The Megarian school of philosophy, which flourished in the 4th century BC, was founded by Euclides of Megara, one of the pupils of Socrates. Its ethical teachings were derived from Socrates, recognizing a single good, which was apparently combined with the Eleatic doctrine of Unity. Some of Euclides' successors developed logic to such an extent that they became a separate school, known as the Dialectical school. Their work on modal logic, logical conditionals, and propositional logic played an important role in the development of logic in antiquity.

==History==
The Megarian school of philosophy was founded by Euclides of Megara, who had been one of the pupils of Socrates in the late 5th century BC. His successors, as head of the school in Megara, were said to have been Ichthyas (mid 4th century BC), and Stilpo (late 4th century BC). It is unlikely, however, that the Megarian school was a genuine institution, but more of a casual description of its geographic origin, like the Austrian school in economics.
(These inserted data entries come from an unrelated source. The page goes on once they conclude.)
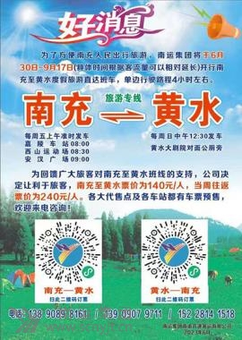 位于重慶石柱土家族自治縣境內(nèi)的黃水森林公園,屬國家級森林公園,年平均氣候在18度左右,是重慶市五個國家級森林公園中最年輕、面積最大、唯一的少數(shù)民族旅游風(fēng)景區(qū)。也是廣大旅游愛好者和夏季清涼避暑休閑的首選旅游景區(qū)。 為滿足廣大旅游愛好者和夏季清涼避暑休閑的出行需求,南充汽車客運(yùn)站從2023年6月30日起開行南充至黃水的旅游直通車,發(fā)車時間為每周五上午08:00時。我們還可以為您提供團(tuán)體出行預(yù)約服務(wù),只為您能度過一個愉快而舒適的夏季!如果您想提前了解相關(guān)情況,歡迎廣大旅客通過電話咨詢:南充汽車客運(yùn)站服務(wù)熱線:0817-3638622 15228141518 溫馨提示: 1.網(wǎng)絡(luò)購票請下載“團(tuán)子出行”或“四川汽車客運(yùn)票務(wù)網(wǎng)”。 2.乘車時請攜帶本人有效身份證件乘車。 (南充客運(yùn)站 彭慶紅) (高客分公司 朱 玲)
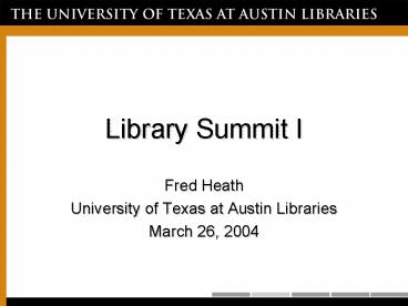 Title: Library Summit I
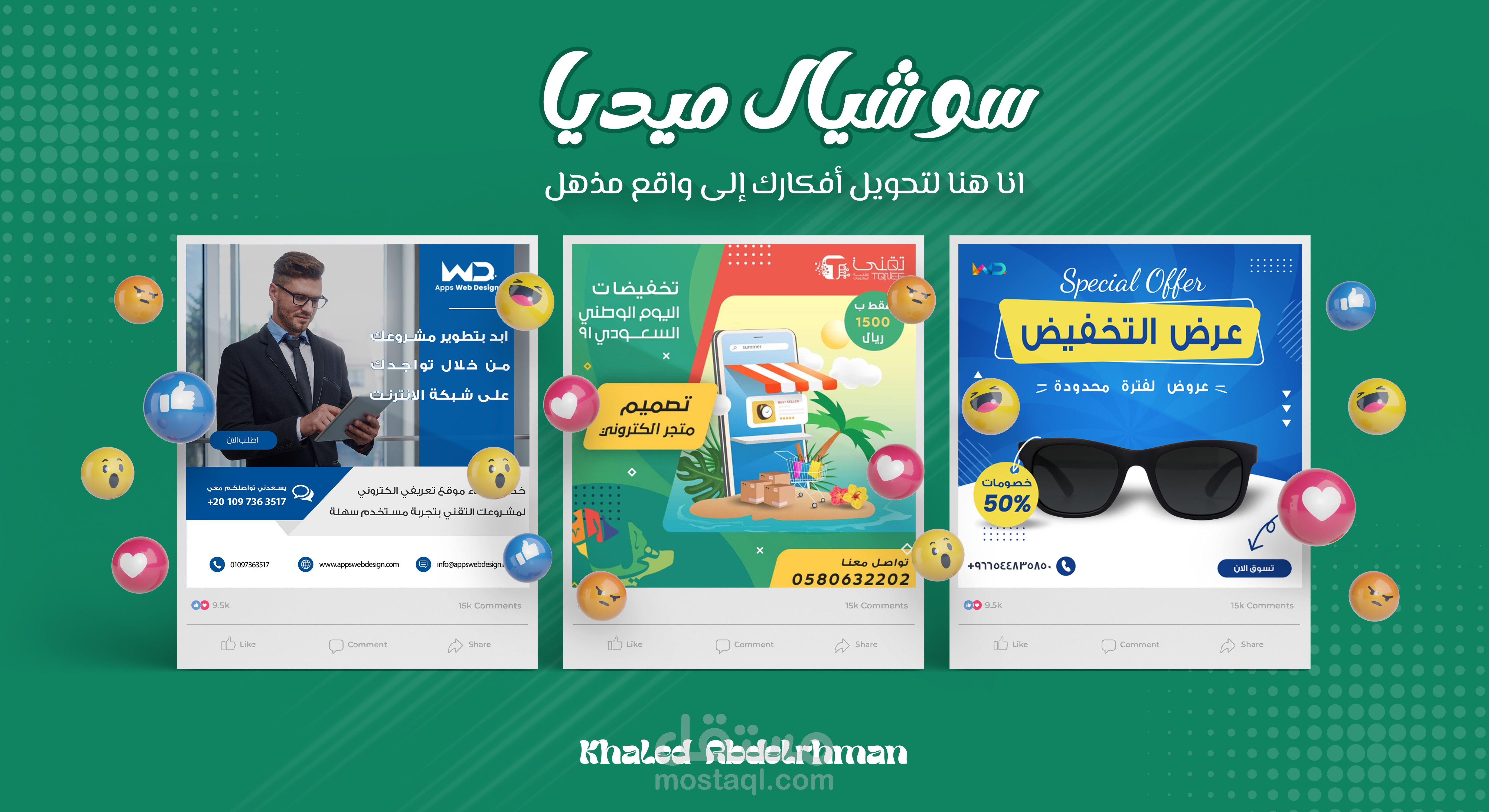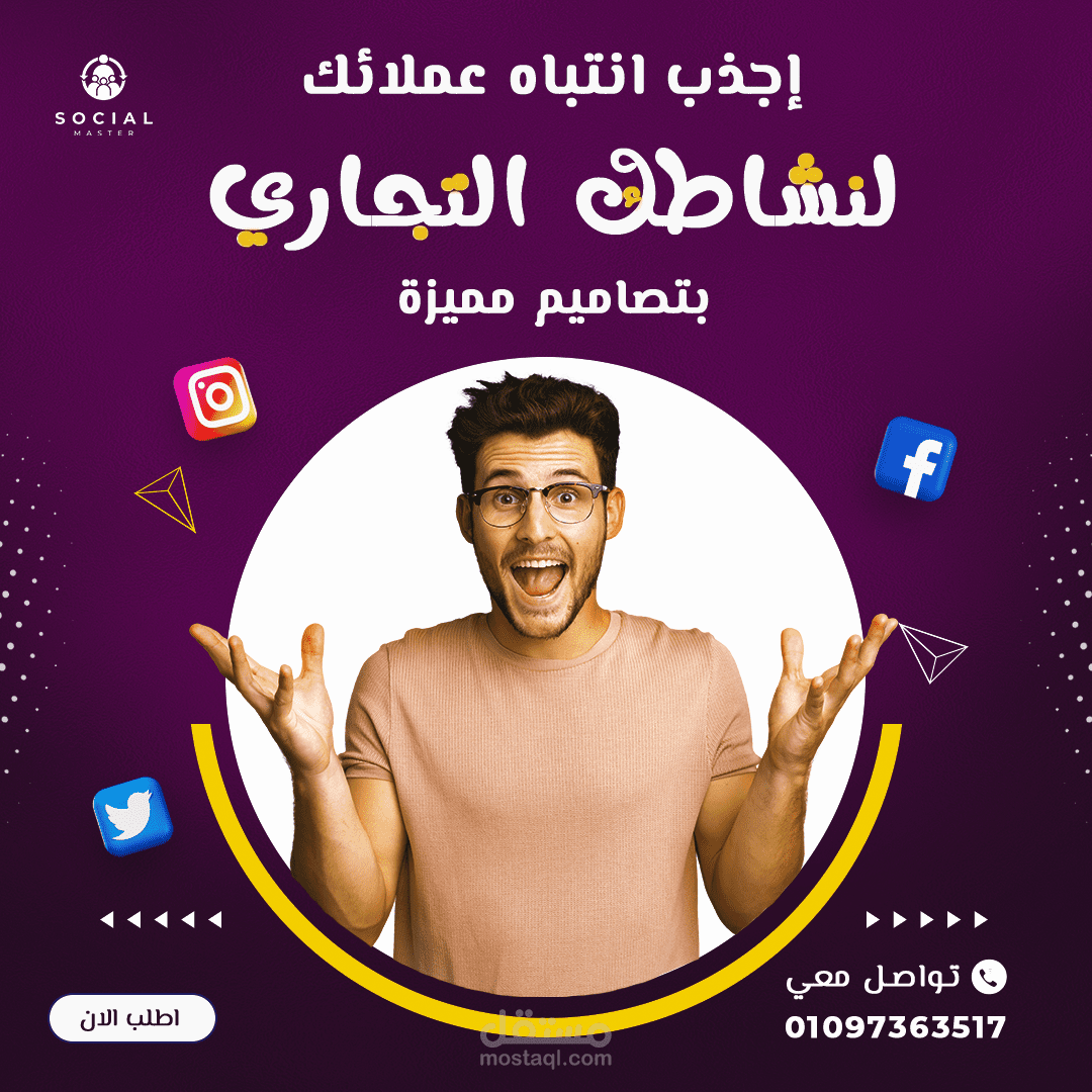 اجعل منشوراتك على وسائل التواصل الاجتماعي تتألق مع تصميم بوستات سوشيال ميديا مميزة تعبر عن هويتك التجارية وتلتقط انتباه الجمهور.

Nor did it have a unified philosophical position. It was said that the philosophers of the school were first called Megarians and that later they were called Eristics, and then Dialecticians, but it is probable that these names designated splinter groups distinct from the Megarian school. Besides Ichthyas, Euclides' most important pupils were Eubulides of Miletus and Clinomachus of Thurii. It seems to have been under Clinomachus that a separate Dialectical school was founded, which placed great emphasis on logic and dialectic, and Clinomachus was said to have been "the first to write about propositions and predicates." However, Euclides himself taught logic, and his pupil, Eubulides, who was famous for employing celebrated paradoxes, was the teacher of several later dialecticians.
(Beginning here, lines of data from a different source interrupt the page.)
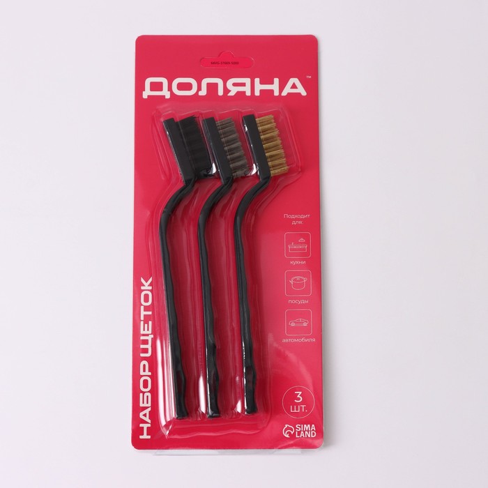 Набор щеток 3шт:латунная,стальная,нейлоновая
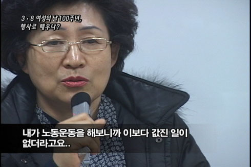 문설희/ 앞서도 말씀 드렸듯이 3․8 세계 여성의 날의 본래적 의미를 되찾는 데에는 신자유주의 세계화에 맞서 저항하는 여성들의 투쟁에 연대하는 것이 중요하다고 했을 때, 현재 한국 사회에서 가장 치열하게 저항하는 비정규직 여성노동자들과 함께 올해 3․8 여성의 날을 맞이하는 것은 자연스러운 일이라고 할 수 있겠지요. 특히 작년 3월8일 여성의 날에는 광주와 울산에서 청소용역 여성노동자들이 알몸시위까지 하면서 절박한 싸움을 진행한 바 있지만, 당시 여성의 날에는 ‘진보여성 총단결로 대선투쟁 승리하자’는 공허한 외침만이 존재했고, 그로부터 꼭 1년이 흘렀지만 여전히도 광주시청 여성노동자들은 복직되지 못하고 처절하게 싸우고 있습니다. 올해 역시, ‘진보여성 총단결로 총선투쟁 승리하자’라는 식의 공허한 외침만이 존재하게 할 것이 아니라면, 이러한 투쟁의 당사자들과 함께 한국사회 여성들의 삶의 현실을 드러내고 정말로 바뀌어야 하는 부분들이 무엇인지를 당사자의 목소리로 알려내는 것이 중요하다고 생각했습니다.
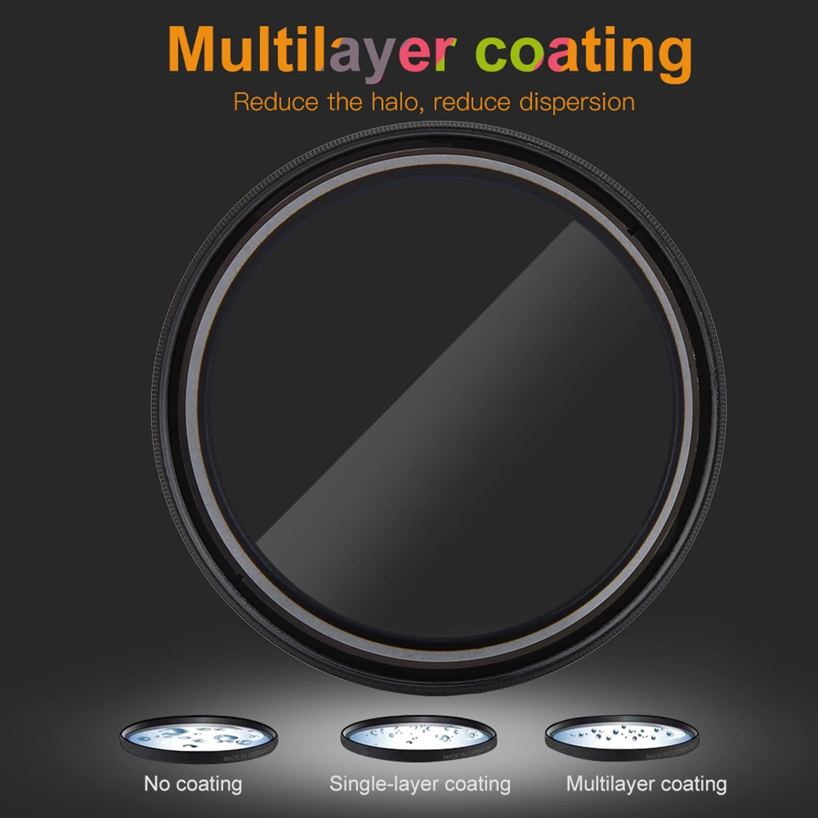 The lens adopts premium optical glass with multiple coatings, can greatly block unnecessary light to reduce halo and dispersion.
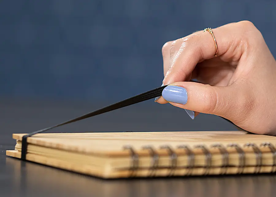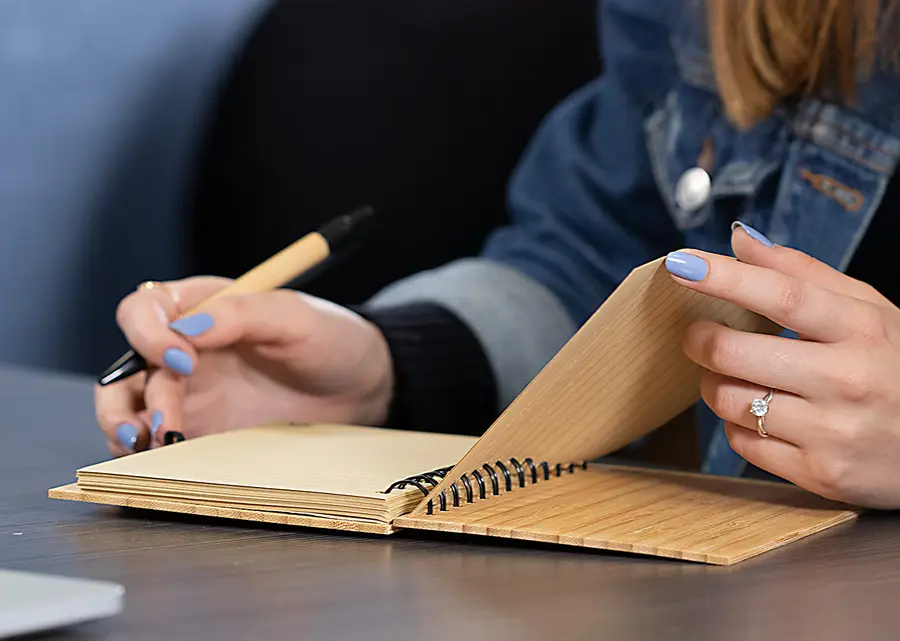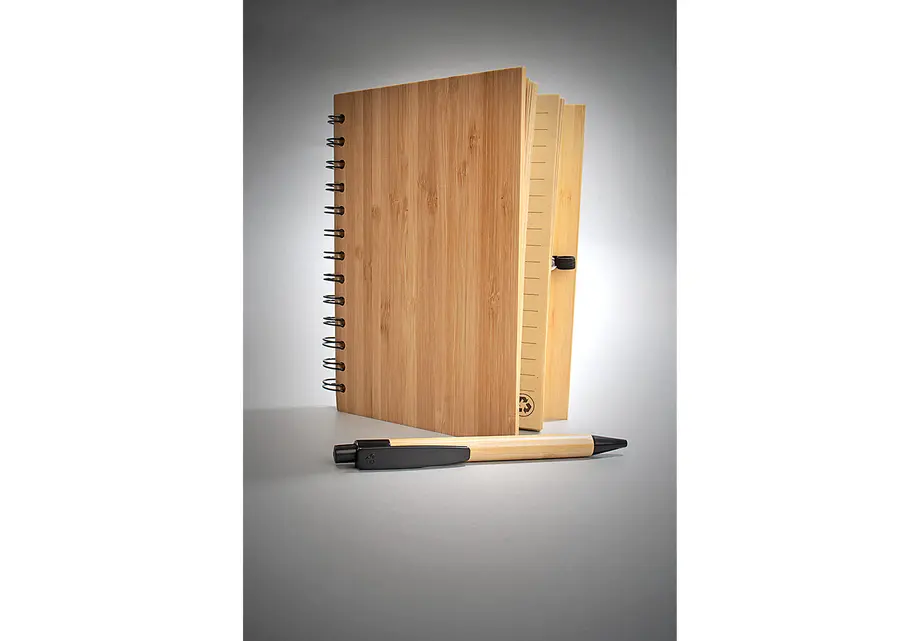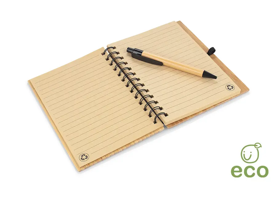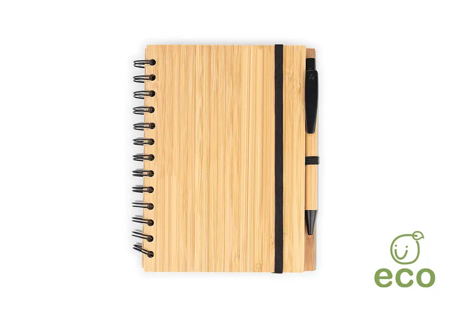 Cuaderno argollado doble O con Cubierta y bolígrafo en Bambú. 70 hojas rayadas en papel reciclado.Banda porta bolígrafo. Tamaño aproximado A5.

Via Stilpo, the Megarian school is said to have influenced the Eretrian school under Menedemus and Asclepiades; Pyrrho, the founder of Pyrrhonism; and Zeno of Citium, the founder of Stoicism. Zeno was said to have studied under Stilpo and Diodorus Cronus, and to have disputed with Philo the Dialectician. It was perhaps the Dialecticians, Diodorus and Philo, who were the biggest influence on the development of Stoic logic, and that Zeno studied under Stilpo to learn his moral teachings, although Stilpo, too, is said to have excelled "in the invention of arguments and in sophistry."

==Philosophy==
Euclides had been a pupil of Socrates, but ancient historians regarded him as a successor to the Eleatics, hence his philosophy was seen as a fusion of Eleatic and Socratic thought. Thus, the Eleatic idea of "The One" was identified with the Socratic "Form of the Good," and the opposite of Good was regarded by Euclides as non-existent. But the emphasis of his thought is not on being but on the good, and idea that what is opposite to the good does not exist arises from the understanding of the good's unity. This theme is typically Socratic; what matters is the moral good and the will of the good person to strive towards it. Stilpo is said to have continued the Eleatic tendency, by asserting a strict monism and denying all change and motion, and he also rejected Plato's Theory of Forms. In ethics, Stilpo taught freedom, self-control, and self-sufficiency, approaching the teachings of the Cynics, another Socratic school.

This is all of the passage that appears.